# WORK TO BE COMPLETED
Below are the records; extract from them the line containing "Ainda segundo o" to the line containing "Cornus alba Elegantissima, även", both lines included, exactly and with no pictures.

### INPUT DATA ###

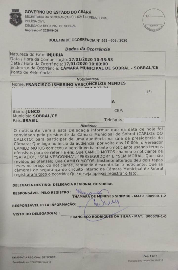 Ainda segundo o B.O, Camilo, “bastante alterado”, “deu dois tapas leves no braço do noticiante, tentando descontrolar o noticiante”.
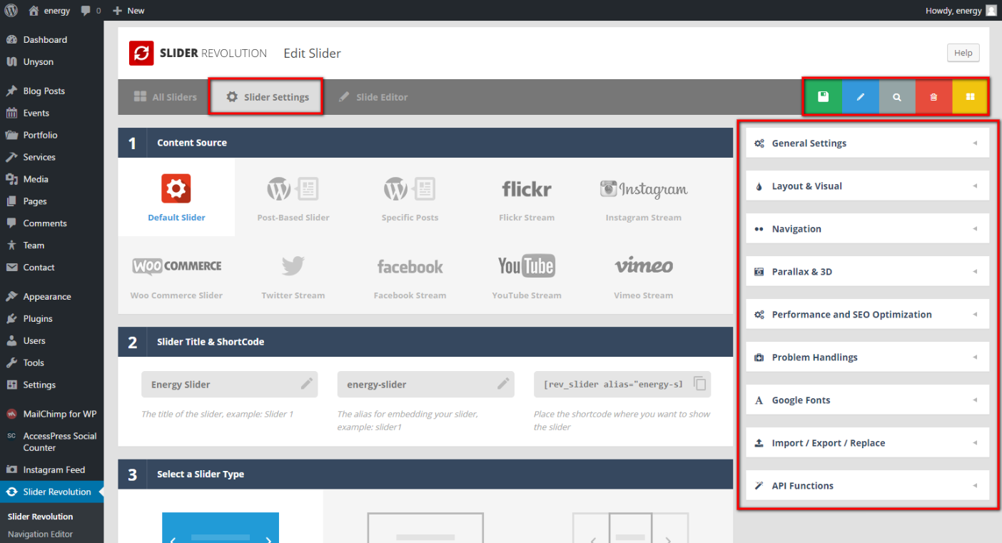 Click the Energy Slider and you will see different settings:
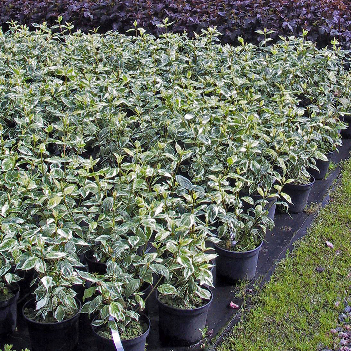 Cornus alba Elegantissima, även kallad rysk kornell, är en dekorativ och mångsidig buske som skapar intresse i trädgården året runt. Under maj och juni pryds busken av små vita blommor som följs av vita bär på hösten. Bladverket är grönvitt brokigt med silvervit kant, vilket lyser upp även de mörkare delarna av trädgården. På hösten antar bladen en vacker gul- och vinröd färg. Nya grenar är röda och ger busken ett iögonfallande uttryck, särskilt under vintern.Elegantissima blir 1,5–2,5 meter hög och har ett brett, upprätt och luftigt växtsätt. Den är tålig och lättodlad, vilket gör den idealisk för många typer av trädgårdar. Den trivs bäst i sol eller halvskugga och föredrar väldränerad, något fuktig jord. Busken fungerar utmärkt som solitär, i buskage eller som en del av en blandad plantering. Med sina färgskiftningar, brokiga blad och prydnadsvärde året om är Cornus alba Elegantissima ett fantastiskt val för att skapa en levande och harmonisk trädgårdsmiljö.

###
### INPUT DATA ###

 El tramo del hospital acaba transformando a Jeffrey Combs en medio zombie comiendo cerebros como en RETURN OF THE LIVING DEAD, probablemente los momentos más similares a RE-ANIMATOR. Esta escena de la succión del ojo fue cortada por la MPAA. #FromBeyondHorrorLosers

###

# COMPLETED TASK
 Ainda segundo o B.O, Camilo, “bastante alterado”, “deu dois tapas leves no braço do noticiante, tentando descontrolar o noticiante”.
 Click the Energy Slider and you will see different settings:
 Cornus alba Elegantissima, även kallad rysk kornell, är en dekorativ och mångsidig buske som skapar intresse i trädgården året runt. Under maj och juni pryds busken av små vita blommor som följs av vita bär på hösten. Bladverket är grönvitt brokigt med silvervit kant, vilket lyser upp även de mörkare delarna av trädgården. På hösten antar bladen en vacker gul- och vinröd färg. Nya grenar är röda och ger busken ett iögonfallande uttryck, särskilt under vintern.Elegantissima blir 1,5–2,5 meter hög och har ett brett, upprätt och luftigt växtsätt. Den är tålig och lättodlad, vilket gör den idealisk för många typer av trädgårdar. Den trivs bäst i sol eller halvskugga och föredrar väldränerad, något fuktig jord. Busken fungerar utmärkt som solitär, i buskage eller som en del av en blandad plantering. Med sina färgskiftningar, brokiga blad och prydnadsvärde året om är Cornus alba Elegantissima ett fantastiskt val för att skapa en levande och harmonisk trädgårdsmiljö.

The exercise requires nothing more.